▸ PROBLEM TO SOLVE:
Reproduce, exactly and in full, the lines from the one with "DUTCH TREAT: Park" through the one with "Framing at the YMCA" in the data below; drop pictures.

Records contained in a dataset
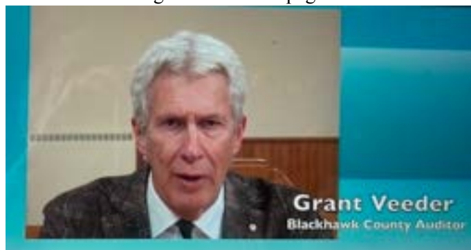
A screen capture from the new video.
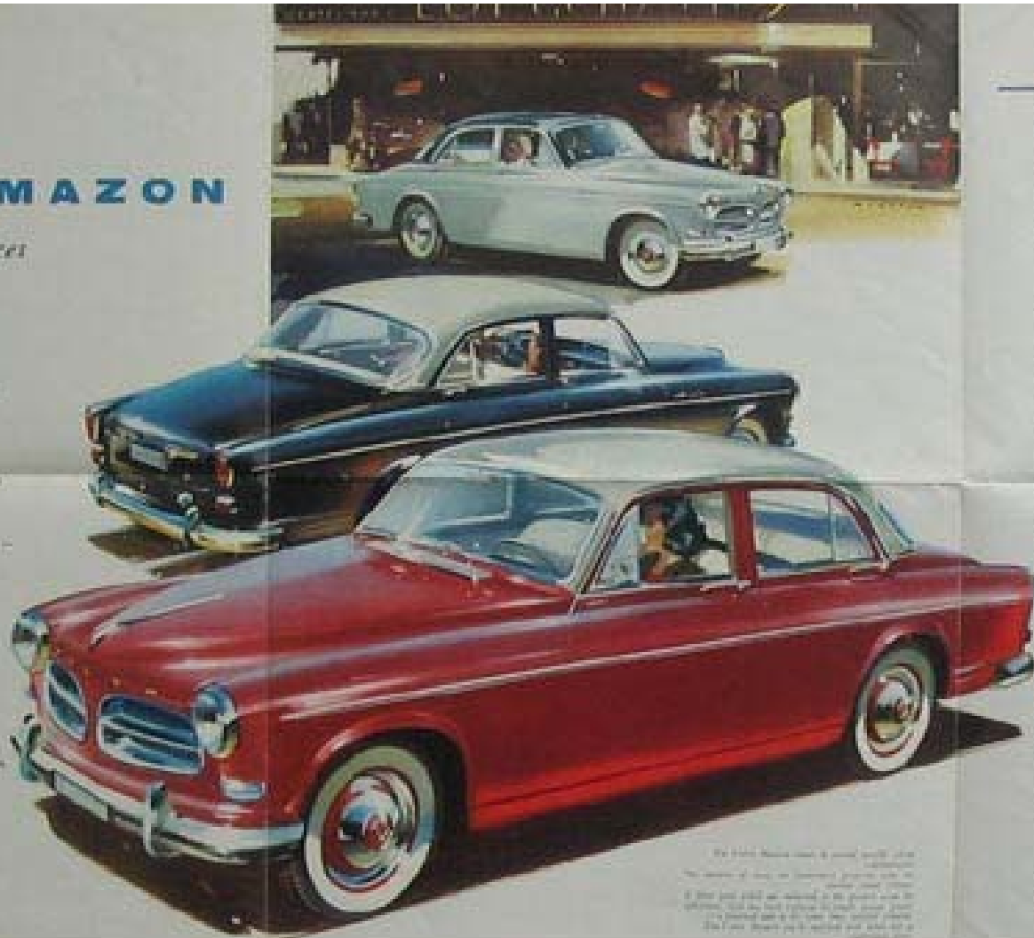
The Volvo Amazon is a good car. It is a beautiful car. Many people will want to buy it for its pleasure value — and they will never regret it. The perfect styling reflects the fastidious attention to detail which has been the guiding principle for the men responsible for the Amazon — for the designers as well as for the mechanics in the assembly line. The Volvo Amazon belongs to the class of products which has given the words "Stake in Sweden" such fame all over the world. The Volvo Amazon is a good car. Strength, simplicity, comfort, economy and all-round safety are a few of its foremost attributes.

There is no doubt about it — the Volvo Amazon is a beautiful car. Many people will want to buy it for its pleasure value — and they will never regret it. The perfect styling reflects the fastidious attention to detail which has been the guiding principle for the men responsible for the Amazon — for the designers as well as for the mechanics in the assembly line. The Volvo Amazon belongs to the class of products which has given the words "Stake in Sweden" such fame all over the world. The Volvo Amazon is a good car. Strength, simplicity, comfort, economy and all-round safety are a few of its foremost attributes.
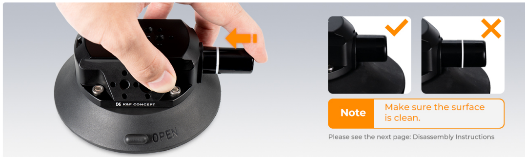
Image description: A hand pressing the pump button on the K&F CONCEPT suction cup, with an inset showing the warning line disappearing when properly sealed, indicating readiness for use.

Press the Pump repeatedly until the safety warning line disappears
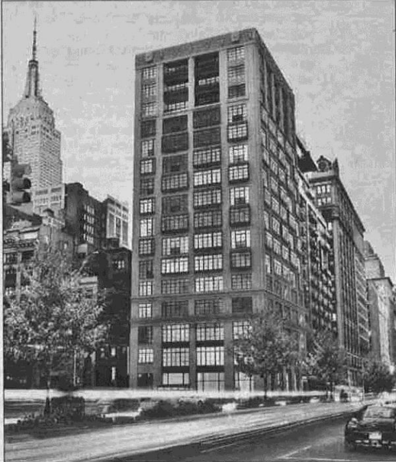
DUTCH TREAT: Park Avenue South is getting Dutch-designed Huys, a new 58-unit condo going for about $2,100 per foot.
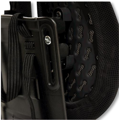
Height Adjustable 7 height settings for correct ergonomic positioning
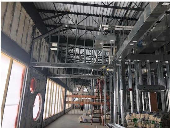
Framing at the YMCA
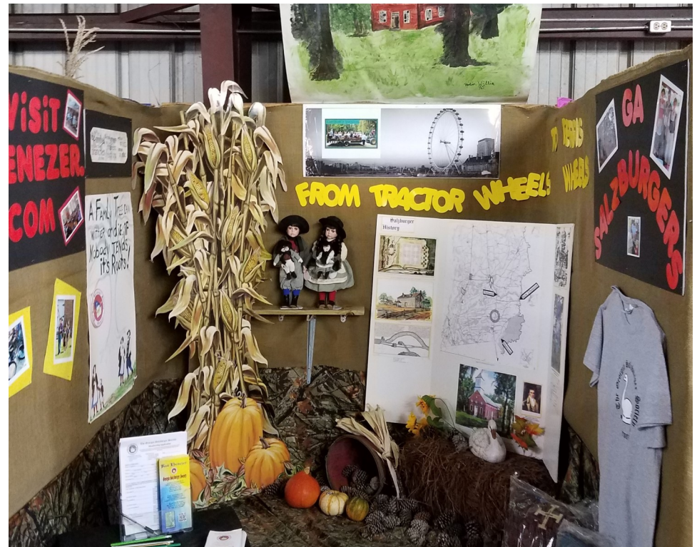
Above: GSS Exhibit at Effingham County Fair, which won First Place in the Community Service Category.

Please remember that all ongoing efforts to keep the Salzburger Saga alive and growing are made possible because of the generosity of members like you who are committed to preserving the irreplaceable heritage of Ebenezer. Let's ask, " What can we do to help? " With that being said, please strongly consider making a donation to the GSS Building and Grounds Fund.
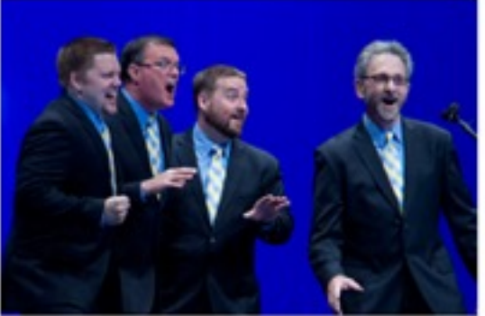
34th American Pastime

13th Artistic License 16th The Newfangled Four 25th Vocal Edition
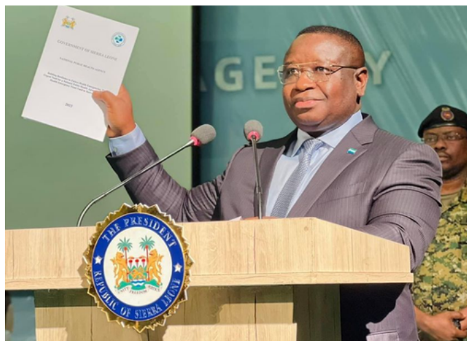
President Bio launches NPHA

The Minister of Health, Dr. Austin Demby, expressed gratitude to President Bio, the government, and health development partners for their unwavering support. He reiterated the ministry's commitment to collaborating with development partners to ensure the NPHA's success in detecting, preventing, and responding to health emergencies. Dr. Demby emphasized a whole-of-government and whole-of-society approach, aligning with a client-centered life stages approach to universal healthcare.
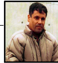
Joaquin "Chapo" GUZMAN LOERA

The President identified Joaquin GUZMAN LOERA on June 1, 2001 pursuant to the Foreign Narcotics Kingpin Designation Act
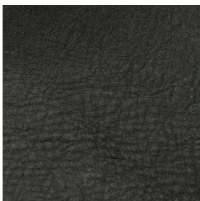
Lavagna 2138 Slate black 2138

▸ OUTPUT OF THE EXERCISE:
DUTCH TREAT: Park Avenue South is getting Dutch-designed Huys, a new 58-unit condo going for about $2,100 per foot.
Height Adjustable 7 height settings for correct ergonomic positioning
Framing at the YMCA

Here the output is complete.